Problem requirements: What is wanted is every line below from the one with "काठमाडौं । एसियन" up to and including the one with "餐厅隐形风扇灯客厅卧室吊扇灯奶油风吸顶风扇灯家用变频中山灯具", retyped exactly, pictures excluded, nothing else.

┌─ Given records

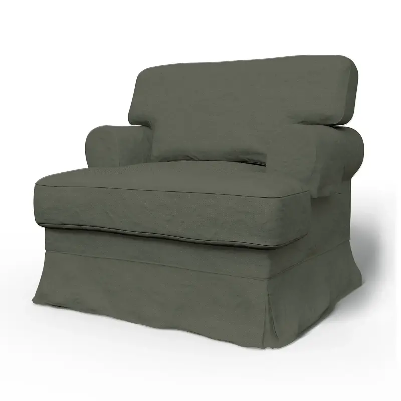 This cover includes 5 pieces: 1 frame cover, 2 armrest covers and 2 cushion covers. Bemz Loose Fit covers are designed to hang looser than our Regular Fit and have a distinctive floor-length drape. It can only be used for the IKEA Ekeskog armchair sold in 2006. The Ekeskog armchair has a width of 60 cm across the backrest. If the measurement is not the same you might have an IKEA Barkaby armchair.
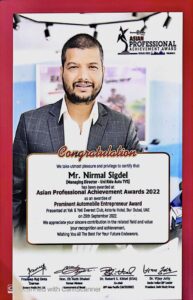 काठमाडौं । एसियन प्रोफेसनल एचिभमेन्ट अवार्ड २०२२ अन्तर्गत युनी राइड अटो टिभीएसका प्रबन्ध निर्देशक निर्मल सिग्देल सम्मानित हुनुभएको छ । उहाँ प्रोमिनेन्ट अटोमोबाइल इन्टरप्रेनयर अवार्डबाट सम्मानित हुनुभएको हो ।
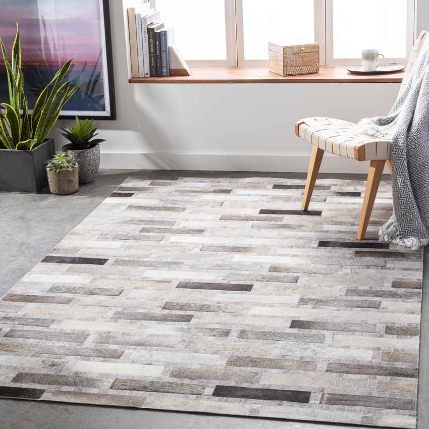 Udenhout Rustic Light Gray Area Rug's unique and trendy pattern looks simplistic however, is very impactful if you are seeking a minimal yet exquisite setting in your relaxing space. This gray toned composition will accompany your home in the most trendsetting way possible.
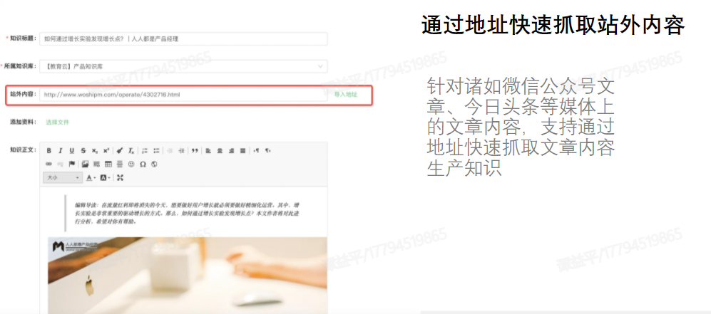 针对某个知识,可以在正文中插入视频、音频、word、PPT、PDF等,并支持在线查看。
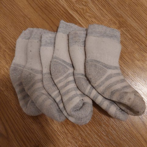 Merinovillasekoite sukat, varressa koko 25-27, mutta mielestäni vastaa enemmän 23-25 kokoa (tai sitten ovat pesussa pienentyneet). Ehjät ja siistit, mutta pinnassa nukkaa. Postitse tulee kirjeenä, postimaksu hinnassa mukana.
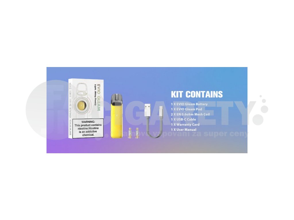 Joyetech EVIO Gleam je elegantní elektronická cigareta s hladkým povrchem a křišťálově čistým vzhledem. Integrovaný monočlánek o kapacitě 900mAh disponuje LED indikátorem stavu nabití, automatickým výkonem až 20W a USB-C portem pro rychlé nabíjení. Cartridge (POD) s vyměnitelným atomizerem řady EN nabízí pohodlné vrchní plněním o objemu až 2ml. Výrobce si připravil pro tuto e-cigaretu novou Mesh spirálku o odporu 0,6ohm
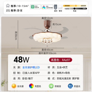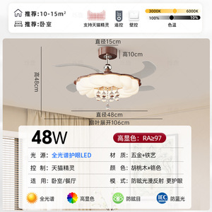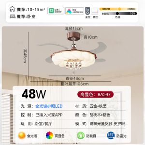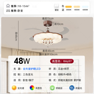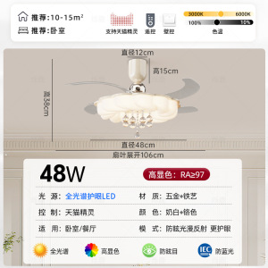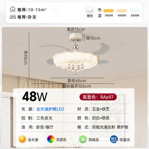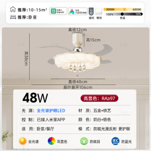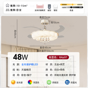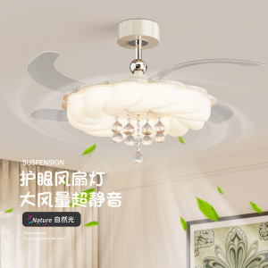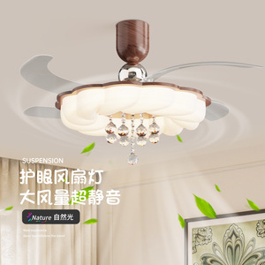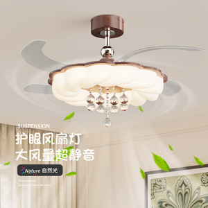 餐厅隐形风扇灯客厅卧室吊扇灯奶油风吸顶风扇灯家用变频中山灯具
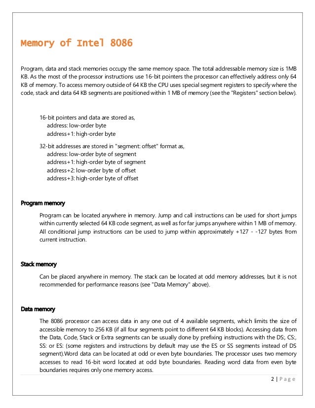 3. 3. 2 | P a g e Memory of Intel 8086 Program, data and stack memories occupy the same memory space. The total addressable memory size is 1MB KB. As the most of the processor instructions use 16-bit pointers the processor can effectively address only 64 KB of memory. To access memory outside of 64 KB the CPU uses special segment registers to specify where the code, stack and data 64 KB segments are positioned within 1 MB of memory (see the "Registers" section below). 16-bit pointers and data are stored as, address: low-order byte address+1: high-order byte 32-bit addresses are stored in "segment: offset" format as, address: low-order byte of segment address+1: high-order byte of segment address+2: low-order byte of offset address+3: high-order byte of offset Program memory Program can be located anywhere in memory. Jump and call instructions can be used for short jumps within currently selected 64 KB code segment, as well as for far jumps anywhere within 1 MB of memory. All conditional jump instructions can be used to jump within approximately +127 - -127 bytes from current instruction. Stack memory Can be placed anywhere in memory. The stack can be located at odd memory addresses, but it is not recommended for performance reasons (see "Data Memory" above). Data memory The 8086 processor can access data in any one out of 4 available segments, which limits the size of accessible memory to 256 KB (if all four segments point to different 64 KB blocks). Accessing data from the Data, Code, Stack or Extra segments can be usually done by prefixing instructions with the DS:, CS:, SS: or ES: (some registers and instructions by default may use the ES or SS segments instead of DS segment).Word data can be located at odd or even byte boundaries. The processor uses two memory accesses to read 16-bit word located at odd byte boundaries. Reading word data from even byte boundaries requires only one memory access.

└─
┌─ Given records

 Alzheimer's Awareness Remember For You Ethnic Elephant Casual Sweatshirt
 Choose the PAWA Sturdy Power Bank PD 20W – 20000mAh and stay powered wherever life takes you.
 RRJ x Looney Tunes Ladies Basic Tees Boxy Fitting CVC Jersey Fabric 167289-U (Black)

└─

Response box:
 काठमाडौं । एसियन प्रोफेसनल एचिभमेन्ट अवार्ड २०२२ अन्तर्गत युनी राइड अटो टिभीएसका प्रबन्ध निर्देशक निर्मल सिग्देल सम्मानित हुनुभएको छ । उहाँ प्रोमिनेन्ट अटोमोबाइल इन्टरप्रेनयर अवार्डबाट सम्मानित हुनुभएको हो ।
 Udenhout Rustic Light Gray Area Rug's unique and trendy pattern looks simplistic however, is very impactful if you are seeking a minimal yet exquisite setting in your relaxing space. This gray toned composition will accompany your home in the most trendsetting way possible.
 针对某个知识,可以在正文中插入视频、音频、word、PPT、PDF等,并支持在线查看。
 Merinovillasekoite sukat, varressa koko 25-27, mutta mielestäni vastaa enemmän 23-25 kokoa (tai sitten ovat pesussa pienentyneet). Ehjät ja siistit, mutta pinnassa nukkaa. Postitse tulee kirjeenä, postimaksu hinnassa mukana.
 Joyetech EVIO Gleam je elegantní elektronická cigareta s hladkým povrchem a křišťálově čistým vzhledem. Integrovaný monočlánek o kapacitě 900mAh disponuje LED indikátorem stavu nabití, automatickým výkonem až 20W a USB-C portem pro rychlé nabíjení. Cartridge (POD) s vyměnitelným atomizerem řady EN nabízí pohodlné vrchní plněním o objemu až 2ml. Výrobce si připravil pro tuto e-cigaretu novou Mesh spirálku o odporu 0,6ohm
 餐厅隐形风扇灯客厅卧室吊扇灯奶油风吸顶风扇灯家用变频中山灯具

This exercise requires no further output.